Airhole suck royally. You can't wear anything up under the goggles without fogging. 

All you need is a neck gaiter and keep it up over your lower cheeks, it will keep you warm.


----------



## Puggy (Oct 7, 2010)

I'm gunna throw one in here for buffs, I use mine as a bandanna in the summer for backcountry hiking and as a gaitor in the winter. 
BUFF -The Original Multifunctional Headwear-
they are a little more expense though.


----------



## mojo maestro (Jan 6, 2009)

Turtle Fur makes a "tube" nack gator, super thin, breathable. Does get wet and freezes when breathing thru it. Similar to a Buff, but it's fleece.


----------



## baruchie (Nov 20, 2010)

i bought a neck gator from the local mountain climbing store, best way to keep neck ears and face warm


----------



## JeffreyCH (Nov 21, 2009)

Here's my face/neck set up. Polar fleece zipped all the way up to cover my neck. Seirus face mask, nose is shaped to fit and open(no nose smash, no fog, easy to breath), plus mouth holes to breath. I also like this facemask because it covers the lower part of my ears. It Velcro's in the back so it's adjustable, and over all pretty comfy. Oh and I've had it for 3 years, paid 10-12 bucks for it, great piece of gear if ya ask me.


----------



## Milo303 (Apr 6, 2009)

Ride Qi


----------



## xelxguapo (May 21, 2009)

I also use Airhole. I heard some people say they don't like it, but it's worked fine for me and some of my other friends. I've had days where the outside is completely soaked, but the inside is still completely dry.


----------



## QueenB (Dec 3, 2010)

airblaster terryclava

pull it down when it's hard to breath.


----------



## fatboyj711 (Feb 1, 2010)

QueenB said:


> airblaster terryclava
> 
> pull it down when it's hard to breath.


strangely, terryclavas don't get much recognition on this site. this thread is 4 pages long and queenb's post is the first time it's been mentioned...

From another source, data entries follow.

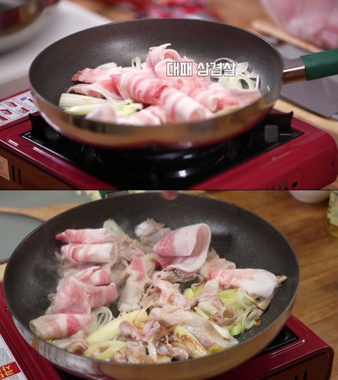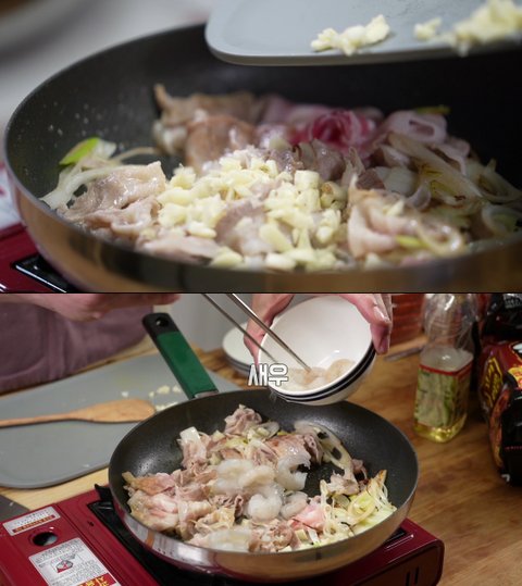 대패 삼겹살 + 다진 마늘 + 새우 넣어서 볶기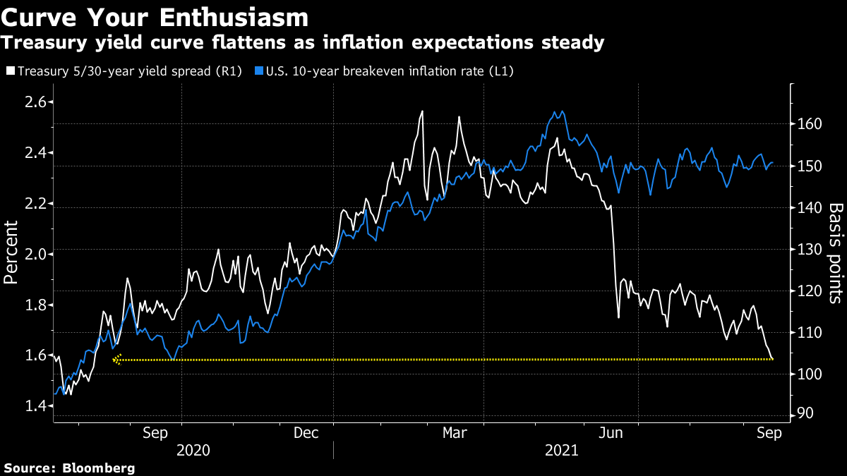 一些市场策略师认为收益率将上升至2%。但是快速查看收益率曲线必须对这些预测提出质疑。五年期和三十年期国债之间的利差已经收窄至一年多来的最低水平,因为通胀预期的上升已经消退。这表明债券市场并不担心最近能源价格的上涨,也不担心无序缩减的风险。本周延迟预期的美联储缩减公告仍然有可能,收益率可能会漂移至甚至低于共识预测,年底还有不到三个月的时间。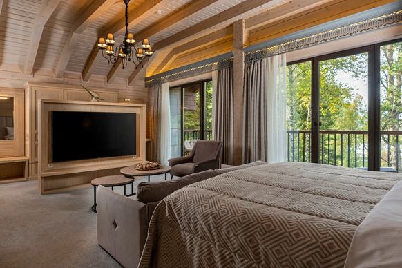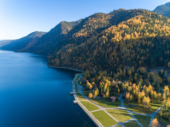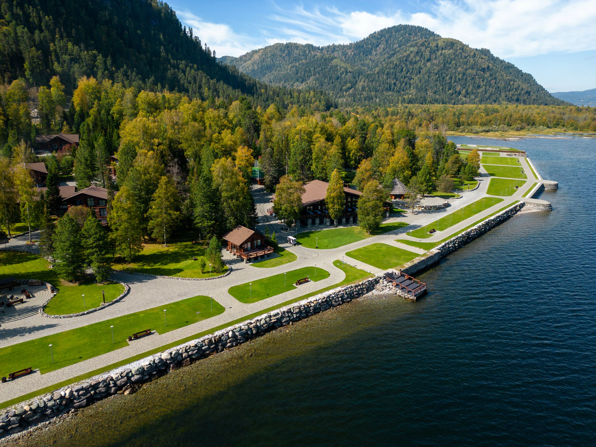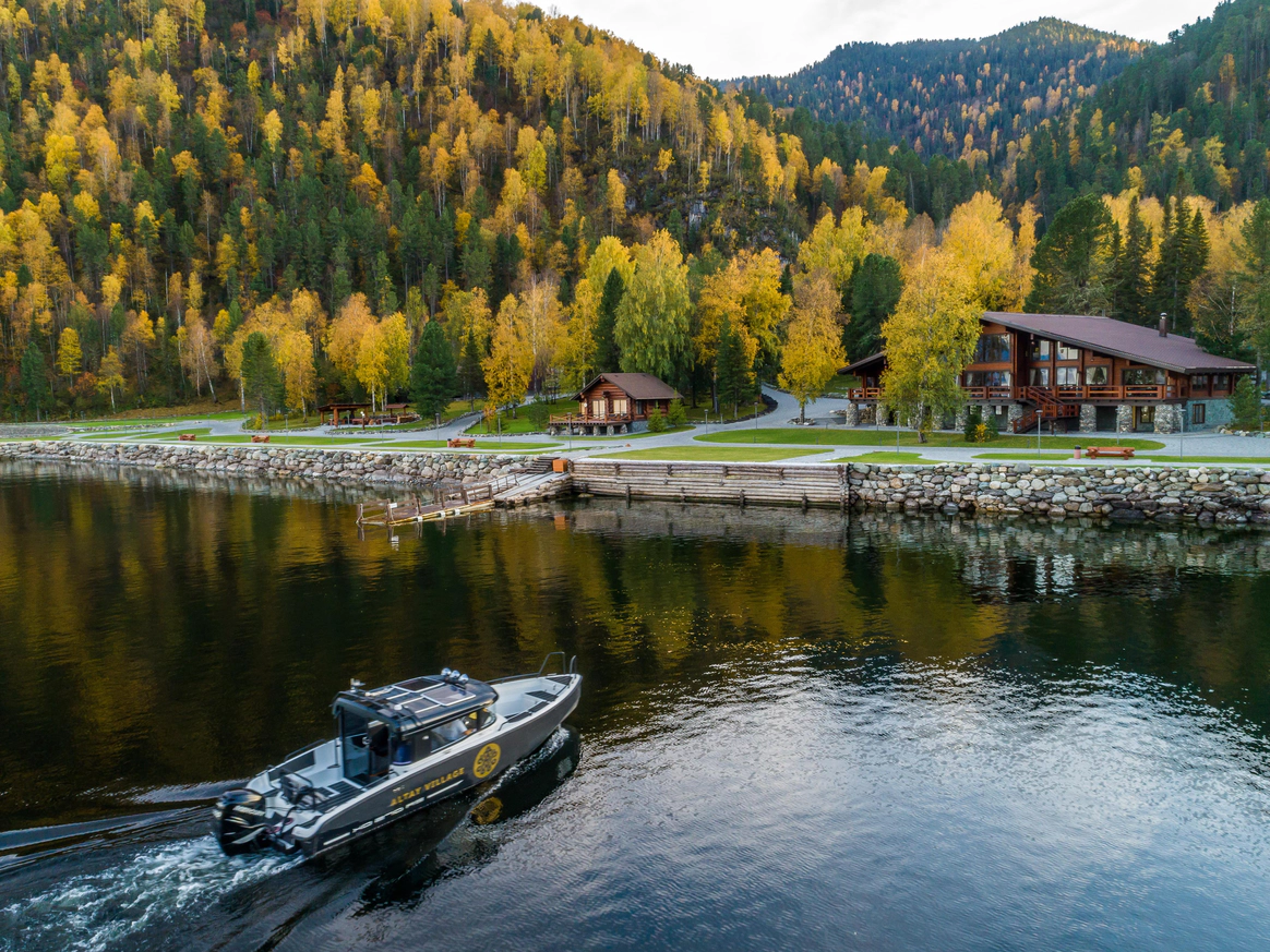 Altay Village Teletskoe – курорт премиум-класса, расположенный в самом сердце Алтая, на берегу первозданного Телецкого озера. Шале курорта выполнены из массива кедра, а их интерьер сочетает в себе эксклюзивный, современный дизайн и использование самых экологичных материалов. Уединенный отдых в окружении чарующих гор и заповедной тайги, экскурсии на катере по горным рекам и озеру, прогулки на вертолете к самым непроходимым местам - все это Altay Village Teletskoe! Расположенный в сотнях километров вдали от шумных мегаполисов и промышленных предприятий, Altay Village Teletskoe – единственный пятизвездочный курорт Алтая на Телецком озере, где Вам будет предложено первоклассное обслуживание, комфортабельное размещение и всё, что нужно для приятного досуга: — одно- и двухэтажные шале; — ресторан «Озеро» со специальным меню из дичи и свежей рыбы, которую добывают в горных реках, впадающих в озеро; — прогулки на вертолете, охота и рыбалка, экскурсии на катере и автомобиле, экскурсии на багги, дайвинг, экстремальный туризм; — SPA процедуры: пантовые ванны, ванны алтайской принцессы, релаксирующий массаж; — настоящая сибирская баня с профессиональными мастерами русского пара; — современный фитнес-зал, теннисный корт, просторный бассейн.
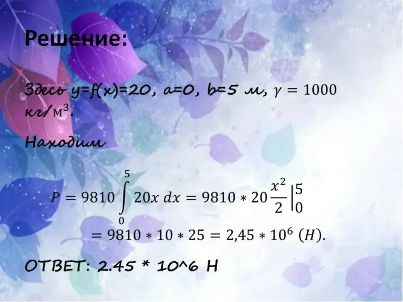 Здесь y = f(x) = 20, a = 0, b = 5 м, кг/.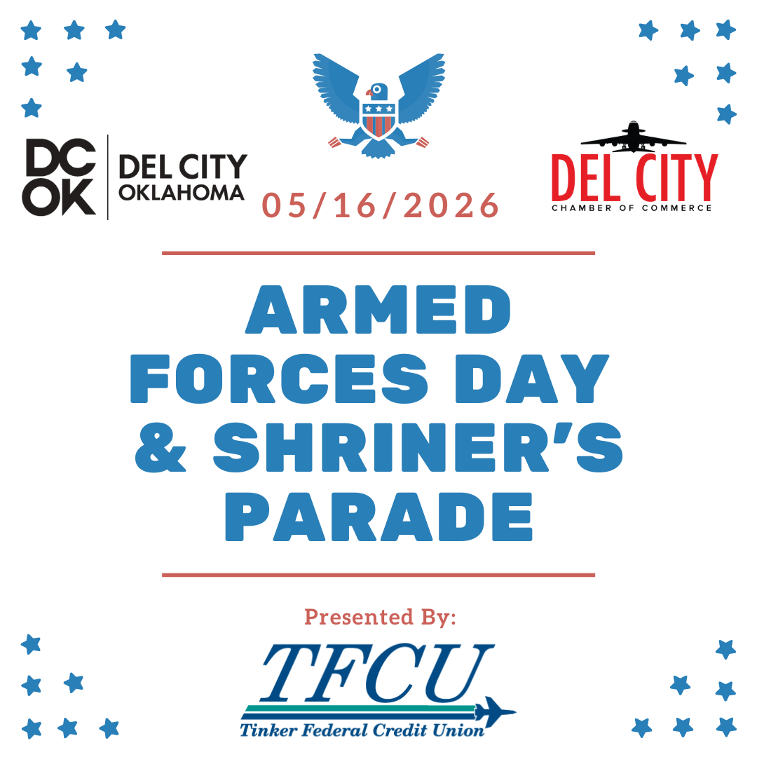 We are excited to announce the 39th Annual Armed Forces Day & Shriner’s Parade on May 16th, 2026 presented by Tinker Federal Credit Union! The Del City Chamber is looking forward to celebrating our amazing U.S. Armed Forces. Be sure to sign-up to be in this years parade as we show our appreciation for our service men and women.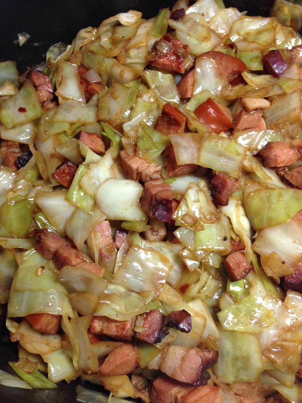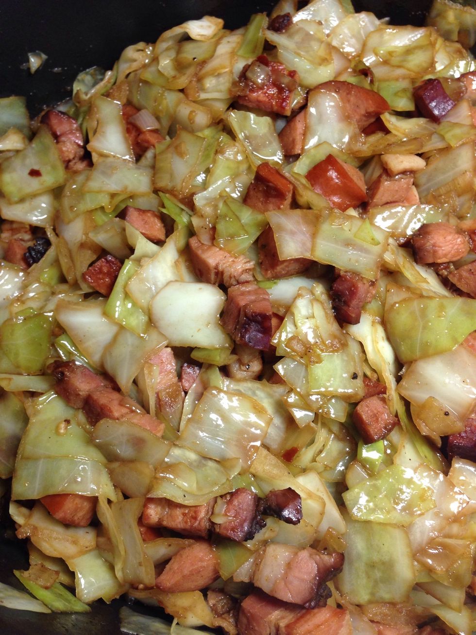 Cook until cabbage is medium soft, I don't like my cabbage over cooked, serve with potatoes and a spoon of sour cream :) enjoy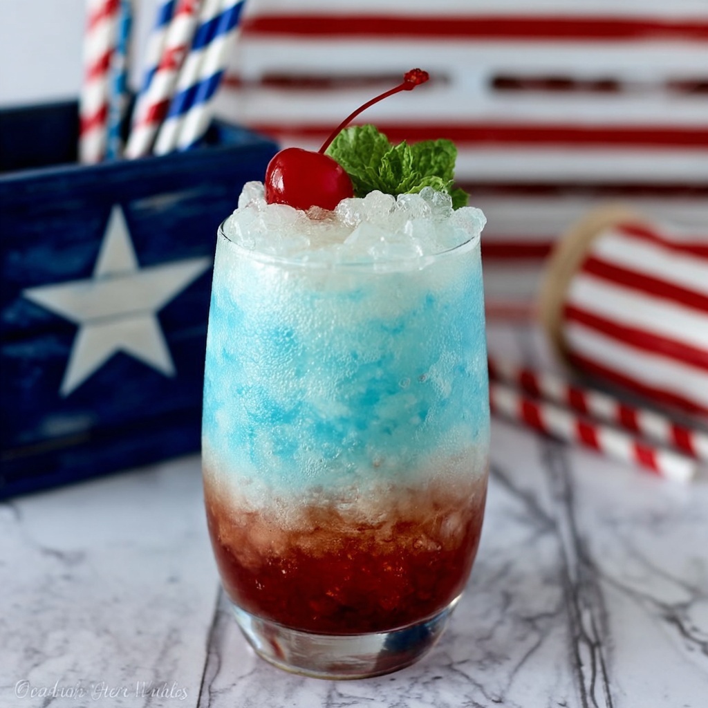 The American Cocktail is a vibrant and refreshing mixed drink featuring peach vodka, blue curacao, and a splash of cherry grenadine, perfectly topped with creamy coconut cream. This easy-to-make cocktail is served chilled in a tall glass, offering a delightful balance of fruity flavors and creamy texture.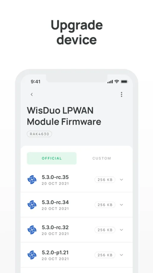 Keep the devices open to official RAK firmware updates, or bring your own custom firmware. Import firmware on a click, store them on the cloud and update as you go.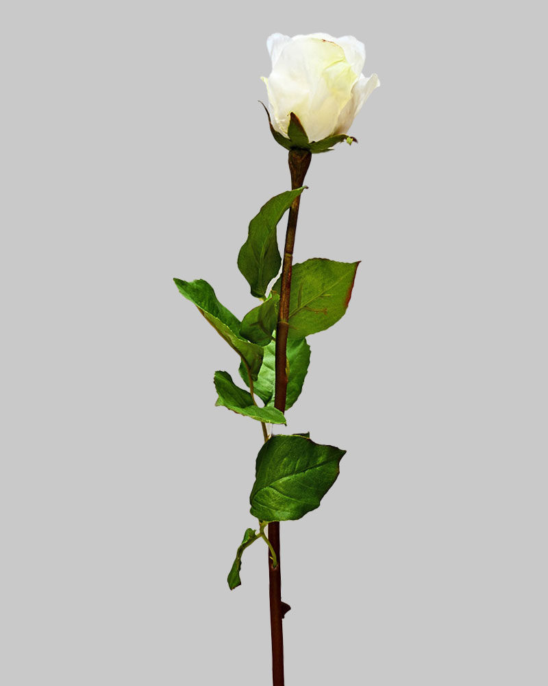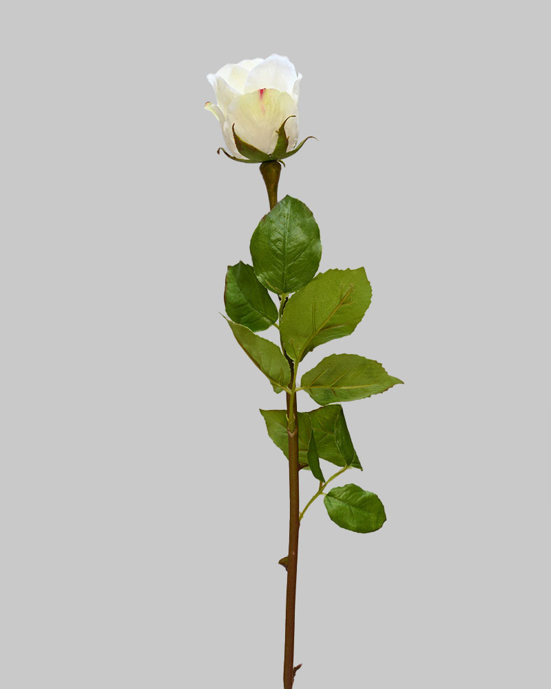 This Rose Dutchess Bud showcases soft white petals with gentle hues of yellow, creating a fresh and radiant look. The subtle colour blend adds a delicate warmth, making it a perfect, elegant addition to any arrangement.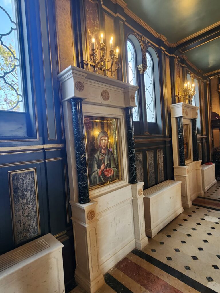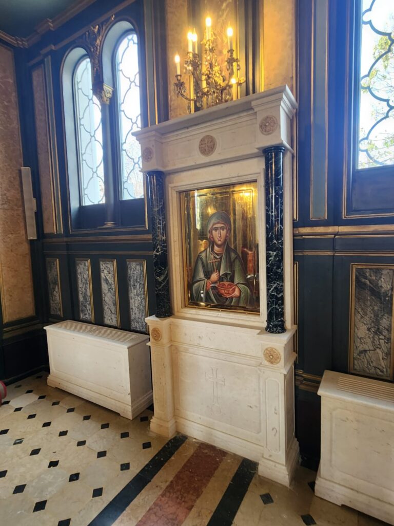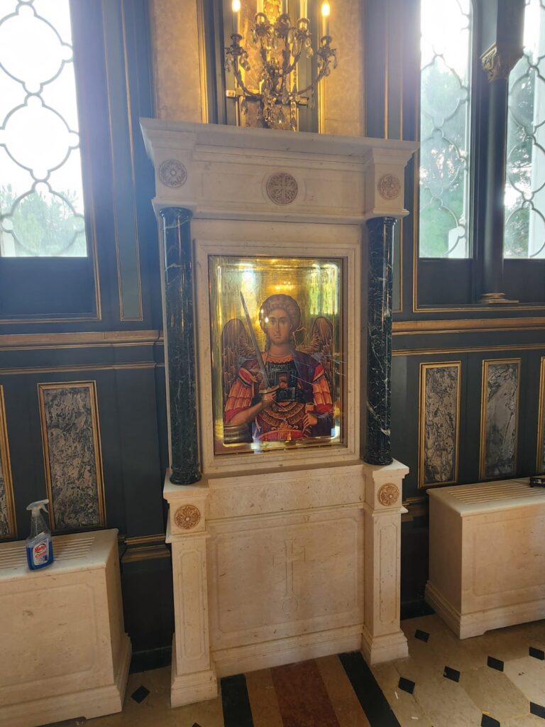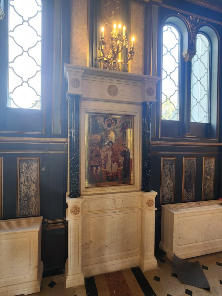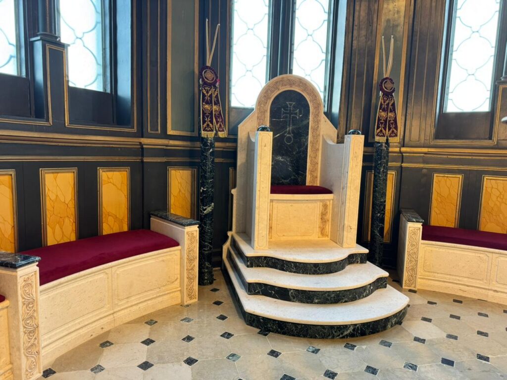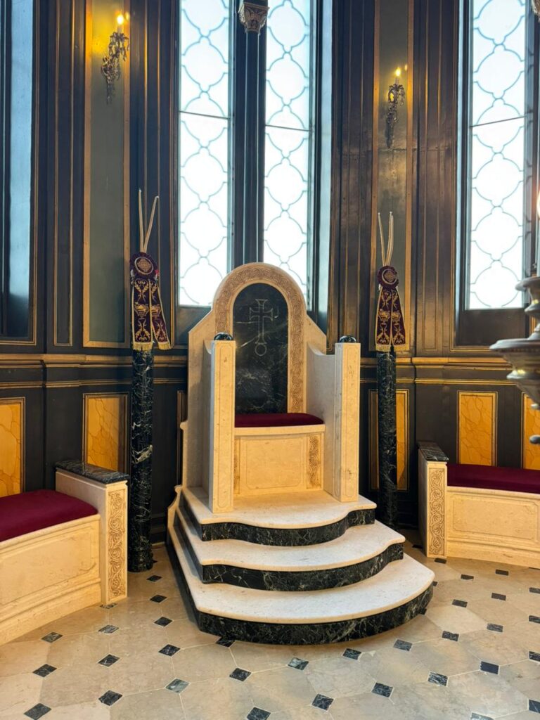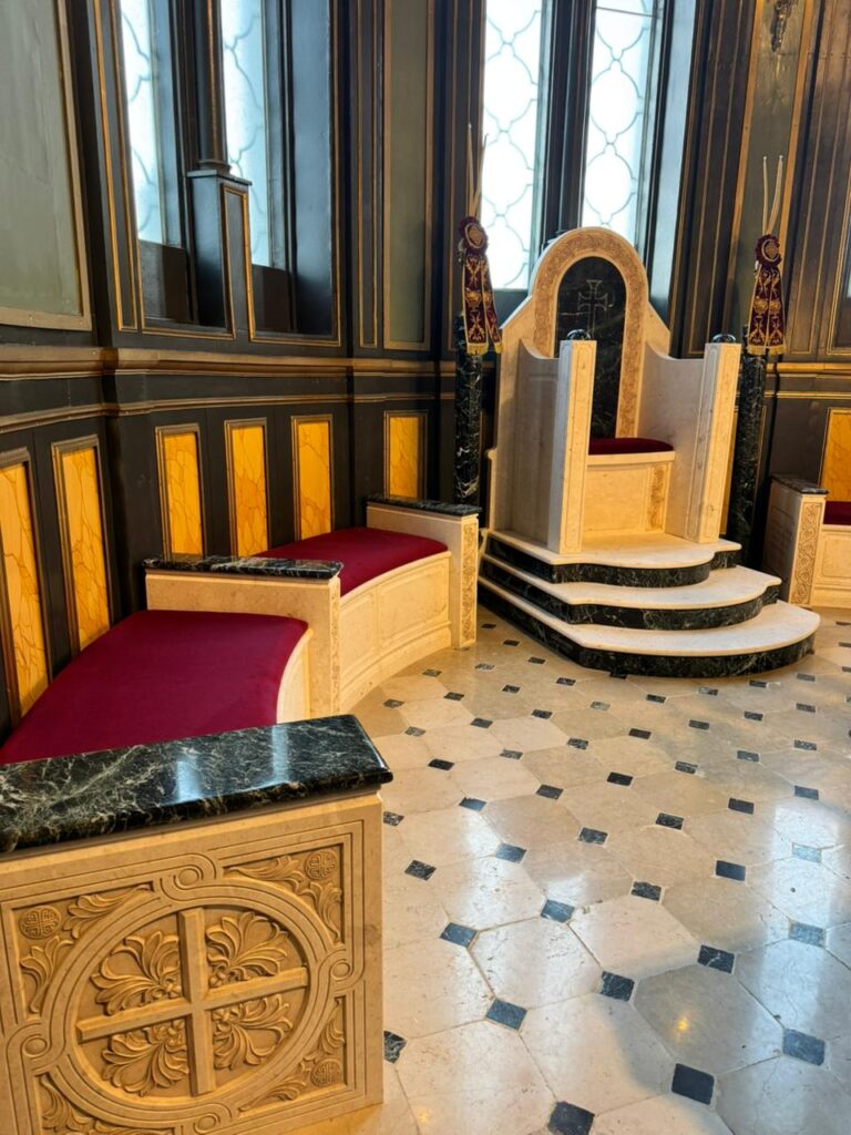 Marble altar and step installations with Greek Beige and Green marbles.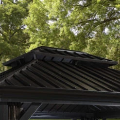 Pour vous assurer une bonne protection contre la pluie et le vent, ce solide gazebo de 12,57m² Sojag est pourvue de deux rails et d’une moustiquaire en nylon. Les parois de côté adaptées sont également disponibles en option pour fermer complètement la pergola.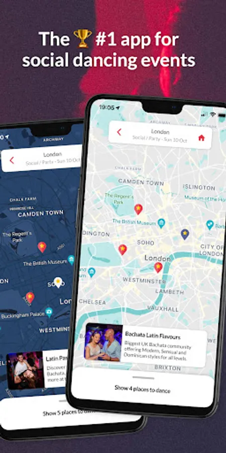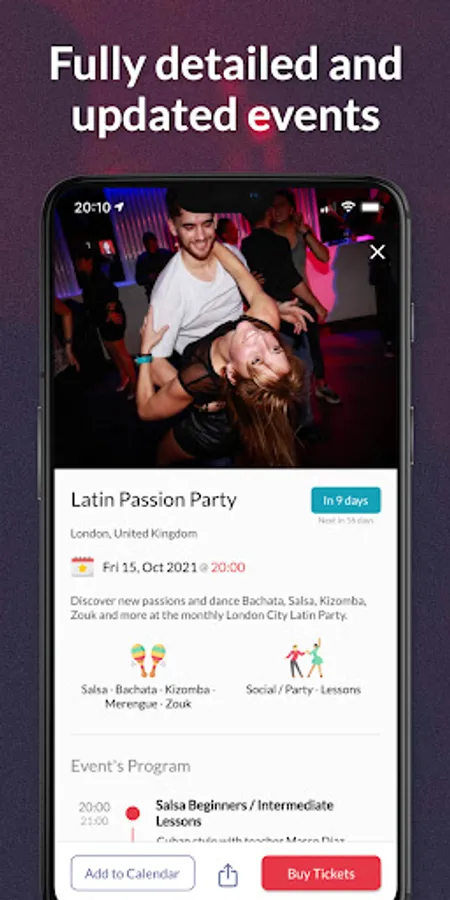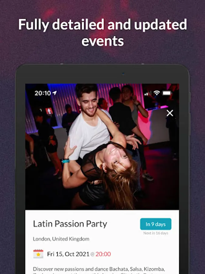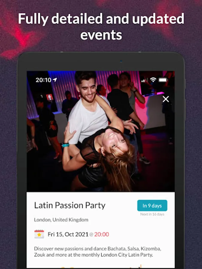 • Locate popular dancing events happening near you or upcoming ones in different cities on any date.

super versatile face mask... ventilated enough for warmer days, warm enough for colder days, you can cover your nose or pull it down under your nose/mouth, thin enough to fit under a helmet, and it can be warn alone without a beanie or helmet... i've also tried the UA hood, but it's not nearly as effective or versatile as the terry


----------



## MistahTaki (Apr 24, 2010)

JeffreyCH said:


> Here's my face/neck set up. Polar fleece zipped all the way up to cover my neck. Seirus face mask, nose is shaped to fit and open(no nose smash, no fog, easy to breath), plus mouth holes to breath. I also like this facemask because it covers the lower part of my ears. It Velcro's in the back so it's adjustable, and over all pretty comfy. Oh and I've had it for 3 years, paid 10-12 bucks for it, great piece of gear if ya ask me.


turtleneck FTW!


----------



## freshy (Nov 18, 2009)

Use a snorkel!


----------



## andy1011 (Aug 16, 2010)

I just use a 100% cotton white bandana that you can get anywhere... sometimes i'll keep an extra in my pocket because it's nice to have a fresh one mid-day.


----------



## oskar (Nov 23, 2010)

+1 for Buff, i use the wool one and the breathability is excellent

BUFF -The Original Multifunctional Headwear-

I also have some sort of neoprene face mask which is also nice but sometimes you get the feeling of suffocating even though the nose and mouth have airholes


----------



## BlackSnow (Dec 20, 2009)

Smartwool FTW! Keeps you just right all day long, even when it gets wet. It's thin enough to be worn under a helmet too.


----------